Data cleaning can be a monotonous process in the Machine Learning project. The steps and techniques for data cleaning will not be similar for every dataset. Without proper data, it will be time-consuming to see the actually important parts in exploration data analysis. We are going to see some basic data cleaning operations that should be performed on every ML project.
Consider the below student dataset and let us clean the data by following techniques.
data=pd.DataFrame([['abc',10,20,10,5],['efg',20,18,20,5],['hij',30,19,30,5],['klm',40,20,40,5],
['klm',40,19,40,5],['opq',50,20,50,5],['rst',60,np.nan,60,5]])
data.columns=['name','score','age','mark','subject #']
Duplicate data:
The first step of data cleaning is to remove unwanted features and observations from the dataset. It is common to find Duplicate data in rows and columns during data collection.
data.drop_duplicates(inplace=True) #remove row duplicates
data = data.loc[:,~data.T.duplicated()] #remove column duplicates
Features with a single value:
In some features, there will be a repetition of the same information in all observations. Columns that have a single value for all rows do not contain any useful information for analysis.
no_of_unique = data.nunique()
single_value=no_of_unique[no_of_unique==1]
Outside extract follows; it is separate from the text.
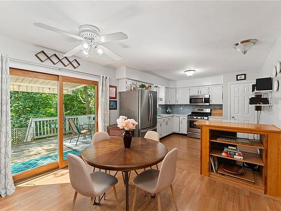 Welcome to this stunning 2 to 3 bedroom ranch home, complete with a full walkout basement! This move-in-ready gem boasts numerous impressive updates, including sleek quartz countertops in the kitchen and a completely remodeled full bathroom upstairs, featuring a luxurious glass-enclosed shower. The home also offers a brand new 30-year roof, a 3-year-old efficient natural gas forced hot water heating system, and a 4-year-old 40-gallon hot water tank, ensuring comfort and peace of mind. Enjoy the high ceilings and the spacious, open floor plan that creates a bright and airy atmosphere throughout. Step out from the dining area onto your expansive private deck, which gracefully descends to the side and back yards and a charming patio area—perfect for outdoor entertaining or peaceful relaxation. The lower level is a true walkout basement that currently houses a versatile office space, which could easily be converted into a third bedroom. This level also includes a storage area, a half bath, a utility area, laundry facilities, and ample space for a recreation or common area, offering endless possibilities to suit your lifestyle needs. Additional features include an updated 200 amp circuit breaker system, connection to public utilities, and freshly manicured landscaping that enhances the home's curb appeal. Situated in a desirable neighborhood and just moments away from all the conveniences you need, this home is ready for you to move in and start making memories.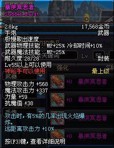 Lv55以上可以使用 物理攻击545+ 魔法攻击335+ 力量59+ 攻击时,有5%几率出现火焰爆炸。 远程伤害+10%

data.drop(single_value.index, axis=1, inplace=True)
Null Handling:
Missing data is a tricky problem. So missing value can be ignored or imputed with some meaningful data.
a) Removing missing value
data.isnull()
data.dropna(axis=0, how='any')
b) Imputing with related value
from sklearn.preprocessing import Imputer
data.iloc[:,1:4] = Imputer(strategy='median').fit_transform(data.iloc[:,1:4])